EXERCISE BRIEF: Omit the pictures and reproduce the rest of the listing exactly.

DATA:
- - -

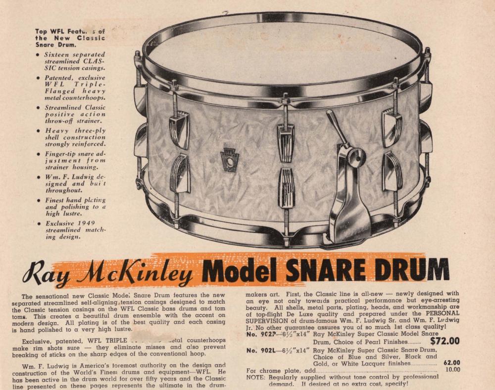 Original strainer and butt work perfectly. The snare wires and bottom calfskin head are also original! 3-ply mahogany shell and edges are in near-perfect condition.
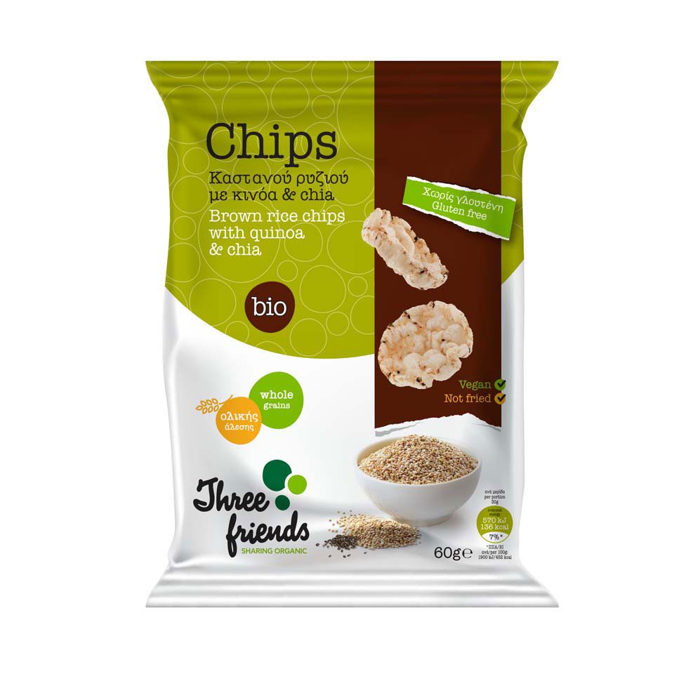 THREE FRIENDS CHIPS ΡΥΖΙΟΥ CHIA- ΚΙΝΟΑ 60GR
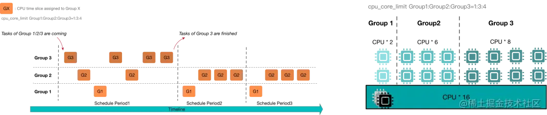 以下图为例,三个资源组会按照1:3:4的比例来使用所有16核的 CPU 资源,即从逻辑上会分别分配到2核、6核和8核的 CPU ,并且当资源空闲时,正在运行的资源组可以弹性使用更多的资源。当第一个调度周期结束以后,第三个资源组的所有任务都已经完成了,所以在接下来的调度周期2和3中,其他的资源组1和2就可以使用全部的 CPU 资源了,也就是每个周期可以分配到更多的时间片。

- - -

RESPONSE TO THE EXERCISE:
 Original strainer and butt work perfectly. The snare wires and bottom calfskin head are also original! 3-ply mahogany shell and edges are in near-perfect condition.
 THREE FRIENDS CHIPS ΡΥΖΙΟΥ CHIA- ΚΙΝΟΑ 60GR
 以下图为例,三个资源组会按照1:3:4的比例来使用所有16核的 CPU 资源,即从逻辑上会分别分配到2核、6核和8核的 CPU ,并且当资源空闲时,正在运行的资源组可以弹性使用更多的资源。当第一个调度周期结束以后,第三个资源组的所有任务都已经完成了,所以在接下来的调度周期2和3中,其他的资源组1和2就可以使用全部的 CPU 资源了,也就是每个周期可以分配到更多的时间片。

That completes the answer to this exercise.